• _Work request_
Copy nothing but the lines below, from the one with "除了主角自身外,玩家还可以与" through the one with "Women's Elegant Long", exactly as written; no pictures should appear.

• _Given entries_
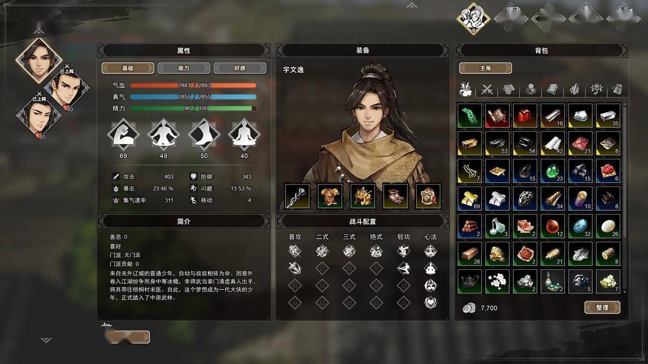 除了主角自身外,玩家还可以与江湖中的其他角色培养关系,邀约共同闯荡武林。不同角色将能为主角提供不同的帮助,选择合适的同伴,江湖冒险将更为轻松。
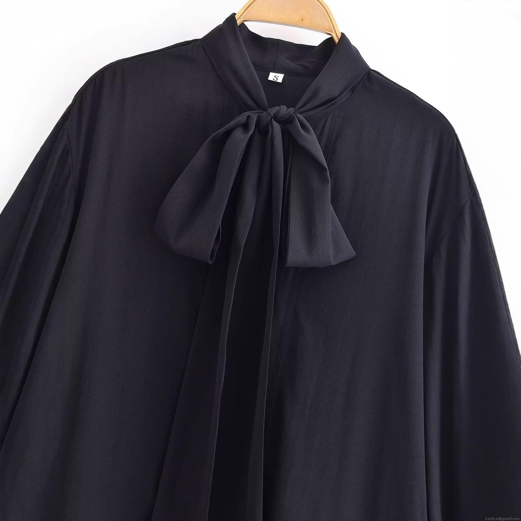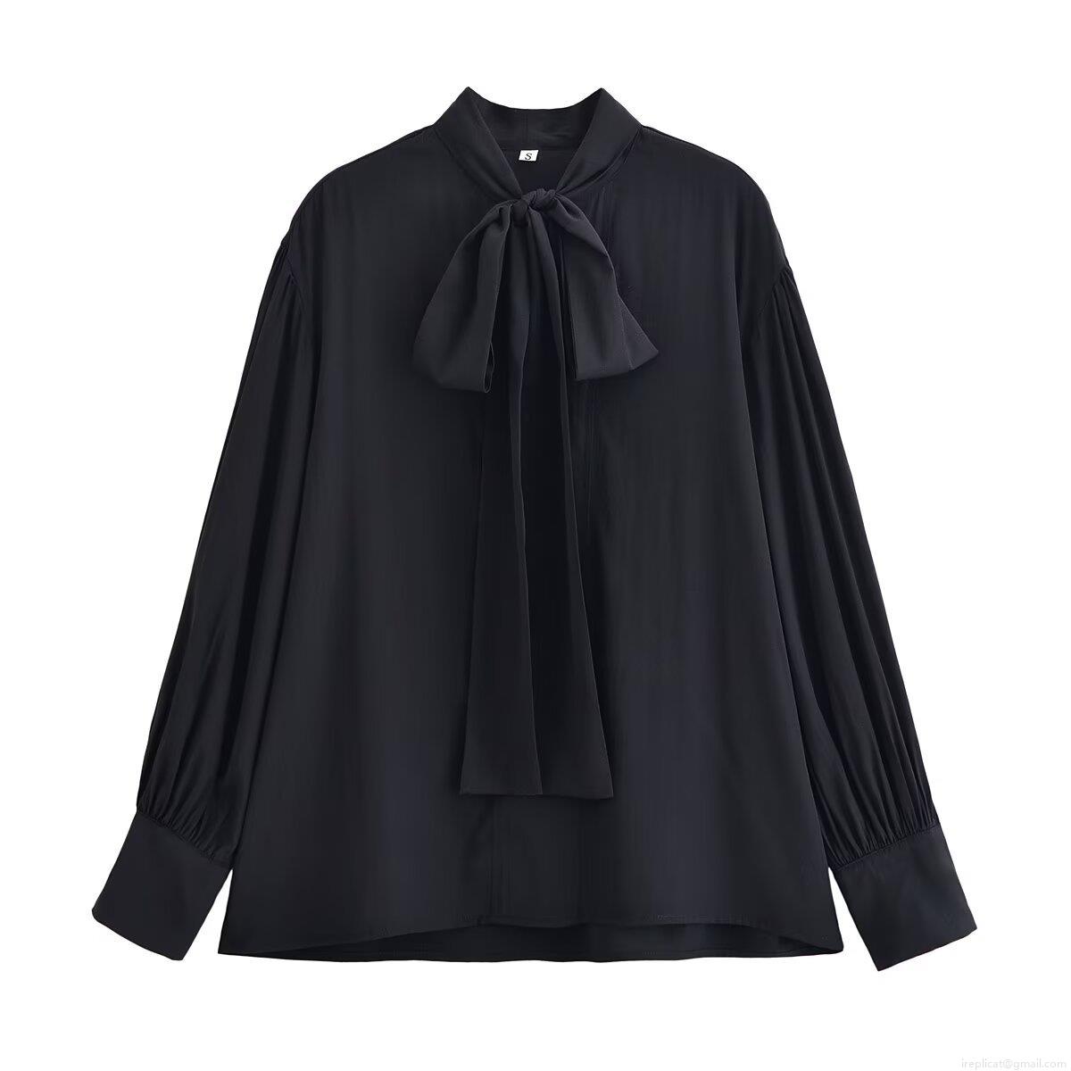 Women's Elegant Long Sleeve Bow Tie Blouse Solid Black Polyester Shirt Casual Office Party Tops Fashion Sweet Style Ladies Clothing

---

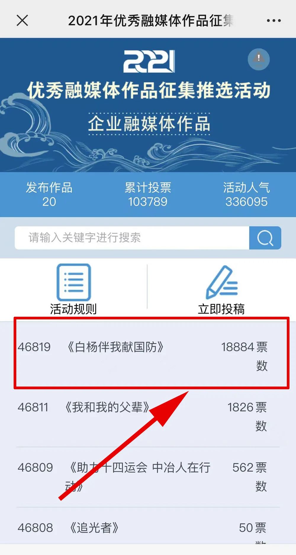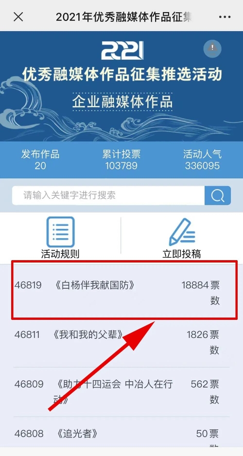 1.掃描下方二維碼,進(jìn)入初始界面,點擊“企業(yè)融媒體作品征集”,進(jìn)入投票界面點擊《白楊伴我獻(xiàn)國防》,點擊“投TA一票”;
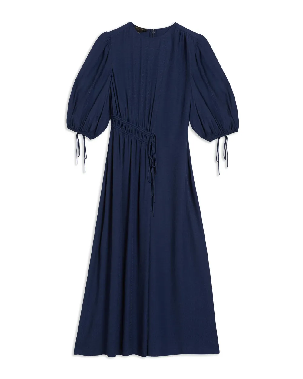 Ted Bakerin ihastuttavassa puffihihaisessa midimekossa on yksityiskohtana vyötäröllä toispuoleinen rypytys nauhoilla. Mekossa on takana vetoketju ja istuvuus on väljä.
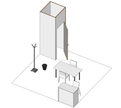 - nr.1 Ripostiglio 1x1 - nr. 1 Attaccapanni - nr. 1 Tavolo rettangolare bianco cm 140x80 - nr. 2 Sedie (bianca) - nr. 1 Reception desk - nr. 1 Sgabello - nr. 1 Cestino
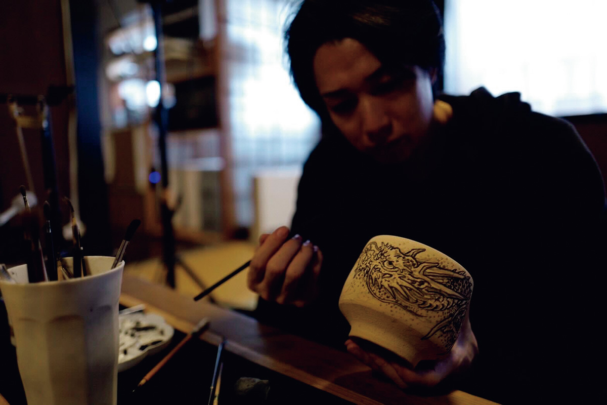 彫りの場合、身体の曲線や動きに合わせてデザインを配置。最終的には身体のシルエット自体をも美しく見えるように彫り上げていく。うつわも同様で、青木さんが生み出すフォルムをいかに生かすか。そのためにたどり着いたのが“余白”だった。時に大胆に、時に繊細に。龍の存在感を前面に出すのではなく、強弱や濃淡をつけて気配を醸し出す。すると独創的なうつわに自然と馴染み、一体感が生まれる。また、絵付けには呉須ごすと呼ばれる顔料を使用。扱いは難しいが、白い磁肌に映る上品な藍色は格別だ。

* * *

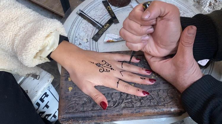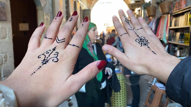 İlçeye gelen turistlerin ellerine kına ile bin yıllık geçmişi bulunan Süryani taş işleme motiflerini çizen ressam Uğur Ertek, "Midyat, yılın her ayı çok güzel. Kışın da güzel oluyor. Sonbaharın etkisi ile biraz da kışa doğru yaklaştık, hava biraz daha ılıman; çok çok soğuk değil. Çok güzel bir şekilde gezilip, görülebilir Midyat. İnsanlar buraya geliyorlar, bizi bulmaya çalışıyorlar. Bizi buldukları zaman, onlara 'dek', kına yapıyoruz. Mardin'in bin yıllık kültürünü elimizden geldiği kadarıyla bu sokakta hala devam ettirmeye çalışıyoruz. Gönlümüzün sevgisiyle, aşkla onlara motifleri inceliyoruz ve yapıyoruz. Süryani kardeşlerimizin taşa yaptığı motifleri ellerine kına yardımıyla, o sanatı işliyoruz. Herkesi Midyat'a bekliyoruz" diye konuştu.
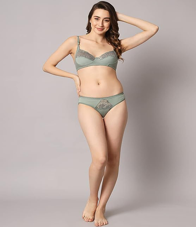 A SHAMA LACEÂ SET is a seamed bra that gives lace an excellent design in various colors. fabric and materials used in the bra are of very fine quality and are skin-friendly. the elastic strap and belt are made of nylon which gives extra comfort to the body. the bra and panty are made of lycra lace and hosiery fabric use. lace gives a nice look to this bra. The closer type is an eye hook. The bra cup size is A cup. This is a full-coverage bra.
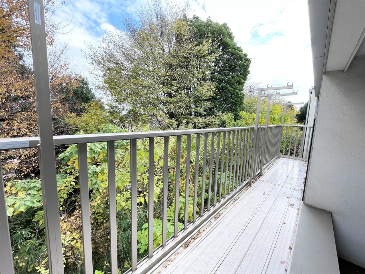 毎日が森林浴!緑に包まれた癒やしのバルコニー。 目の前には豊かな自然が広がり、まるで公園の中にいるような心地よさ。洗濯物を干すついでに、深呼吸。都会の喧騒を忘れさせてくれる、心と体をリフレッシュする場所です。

• _Problem solution_
 除了主角自身外,玩家还可以与江湖中的其他角色培养关系,邀约共同闯荡武林。不同角色将能为主角提供不同的帮助,选择合适的同伴,江湖冒险将更为轻松。
 Women's Elegant Long Sleeve Bow Tie Blouse Solid Black Polyester Shirt Casual Office Party Tops Fashion Sweet Style Ladies Clothing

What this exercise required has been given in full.